■ WHAT THE EXERCISE ASKS:
Below is a block of entries; repeat exactly the lines starting at the line that contains "就在最近有人发现企查查上多了" and ending at the line that contains "Hootsuite offers a", both included.

■ DATA SUPPLIED:
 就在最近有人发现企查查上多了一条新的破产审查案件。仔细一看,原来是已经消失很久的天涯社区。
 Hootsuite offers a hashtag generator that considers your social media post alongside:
==
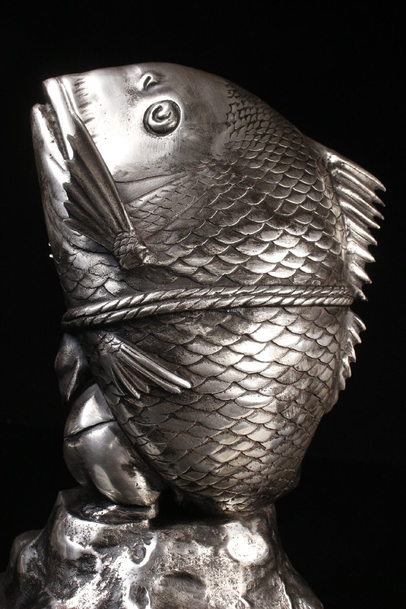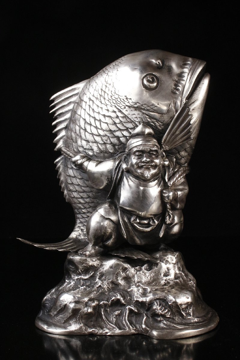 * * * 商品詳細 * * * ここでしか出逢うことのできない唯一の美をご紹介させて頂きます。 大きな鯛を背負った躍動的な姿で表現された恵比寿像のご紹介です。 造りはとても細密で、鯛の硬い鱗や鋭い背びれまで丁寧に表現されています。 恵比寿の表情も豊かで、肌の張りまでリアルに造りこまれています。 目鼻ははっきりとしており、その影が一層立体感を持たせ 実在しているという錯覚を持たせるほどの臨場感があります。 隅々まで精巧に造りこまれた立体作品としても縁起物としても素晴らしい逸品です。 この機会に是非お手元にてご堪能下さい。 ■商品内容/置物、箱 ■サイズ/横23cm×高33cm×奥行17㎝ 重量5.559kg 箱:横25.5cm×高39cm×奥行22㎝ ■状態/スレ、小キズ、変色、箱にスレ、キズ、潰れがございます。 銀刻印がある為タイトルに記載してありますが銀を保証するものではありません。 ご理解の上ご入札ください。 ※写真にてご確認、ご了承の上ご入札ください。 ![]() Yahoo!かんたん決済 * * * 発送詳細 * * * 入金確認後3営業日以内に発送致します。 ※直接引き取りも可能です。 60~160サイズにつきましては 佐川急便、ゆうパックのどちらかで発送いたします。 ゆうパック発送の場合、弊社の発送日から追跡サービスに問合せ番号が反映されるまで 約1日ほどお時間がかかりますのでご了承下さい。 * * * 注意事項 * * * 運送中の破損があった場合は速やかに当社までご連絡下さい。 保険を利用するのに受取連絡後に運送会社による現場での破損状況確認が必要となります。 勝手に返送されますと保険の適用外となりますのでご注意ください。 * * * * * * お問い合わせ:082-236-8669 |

■ WRITTEN RESPONSE:
 就在最近有人发现企查查上多了一条新的破产审查案件。仔细一看,原来是已经消失很久的天涯社区。
 Hootsuite offers a hashtag generator that considers your social media post alongside:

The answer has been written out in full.